A ternura das suas palavras, a alegria que me contagiava, o amor que sentia a seu lado, fizeram-me sempre sentir um amor incondicional. Como se não bastasse foi ela quem deu a este mundo a Ana e a Nuria, outras duas mulheres excepcionais. O Amor levou-me a Valencia e quando voltei, trago no meu coração mais amor do que levava, um amor diferente mas igual de bonito.
Eu acredito no amor, e jamais poderei expressar o quanto eu sinto vocês longe de mim.
Miriam muchas gracias por todo, siempre te voy a querer tanto cuantas estrellas hay en el cielo, tu eres un amor de persona y nunca olvidaré lo que hicistes por mi. Te quiero para siempre como mi mama de España.
De volta a Lisboa, hoje fui com mais dois emigrantes o Canina e a Susaninha tomar um vinho de Porto ao miradouro do Adamastor.
Foi muito bom, falámos das nossas experiências no estrangeiro, dos nossos planos a médio prazo e dos choques que cada um sentiu quando foi para fora e quando voltou.
Para além de sermos todos emigrantes, também temos em comum a vontade de voltar a sair e abraçar novos projectos.
E como Lisboa tem sempre o seu encanto em cada canto, ao nosso lado juntaram-se uns quantos com uma guitarra na mão cantando musicas que me soavam familiares, uma delas era esta.
Ultimo dia em Espanha, amanhã regresso à base, por uns tempos pelo menos.
Vou conhecer o Guga, o meu segundo sobrinho que nasceu segunda-feira passada, já colocarei aqui uma foto, e falarei dele quando o conheça.
A minha viagem pelo norte foi muito boa, se bem que o momento agora é sempre visto como um pouco triste, mas assim que recupere o andamento colocarei aqui os videos e as fotos, e mais impressões. o País Basco é encantador.
Esta é a resposta que devemos ter na ponta da lingua, quando te aparecem as duvidas se estás a fazer bem as coisas.
Não vou olhar para trás. Deixei aqui uma casa que estava no centro de Valencia.
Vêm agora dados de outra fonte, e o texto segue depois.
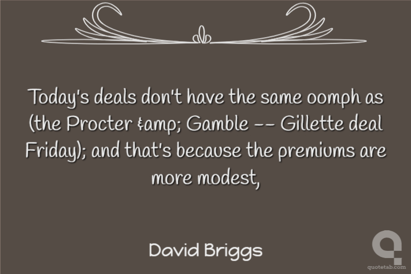 Today's deals don't have the same oomph as (the Procter & Gamble -- Gillette deal Friday); and that's because the premiums are more modest,

Mas nessa casa nao era muito feliz, por isso o que é importante é deixar-la quanto antes.
Deixei o meu trabalho de productor de eventos numa empresa espanhola. É verdade que as oportunidades não aparecem todos os dias, mas aí também já não era feliz, era a unica solução a tomar, e estou feliz com ela.
Deixo Valencia e tudo o que aqui tinha, mas também já deixei Lisboa, com todos os que amo aí e não fui mais infeliz por isso.
Estão tomadas as decisões e há que viver a vida assim, sem olhar para trás, sem medo de errar. Dos maiores erros da humanidade surgiram as melhores descobertas.
Vou partir para uma nova descoberta... Desejem-me boa sorte.
Amanhã dia 2 de Julho vou de viagem com a Ceci e uma amiga.
Começamos em Barcelona e vamos de carro por todo o norte de Espanha.
dia 16 volto a esse cantinho à beira-mar plantado.É o regresso à pátria com a sensação do dever cumprido. Não estarão no aeroporto as mais altas individualidades do país, tais como José Engodo Sócrates e o presidente da Republica Anulado Cavaco Silva, mas estará alguém esperando a minha chegada para me levar a casa.
Vim para Valencia por amor e o amor durou 10 meses (nada mau). Uma boa experiência cheia de encontros e desencontros, de momentos de grande felicidade e de grande infelicidade. De novos amigos, de solidão, de descoberta e de desencanto.
Basicamente podemos sempre dizer que estivemos aqui e ali, mas a verdade é que nada te marca profundamente se não vives as coisas com intensidade e com vontade de viver-las.
Não me arrependo nada desta aventura, creio que a Valencia não voltarei para viver, mas deixo aqui bons amigos que voltarei a visitar.
A pergunta que se segue, é fácil. Onde vou parar dentro de uns meses? A que país emigrar em seguida. Espanha é uma tentação, Inglaterra, Alemanha e por fim Austrália são todos destinos que estão na lista. Mas a vida é uma caixinha de surpresas e não se fecha a porta a nada.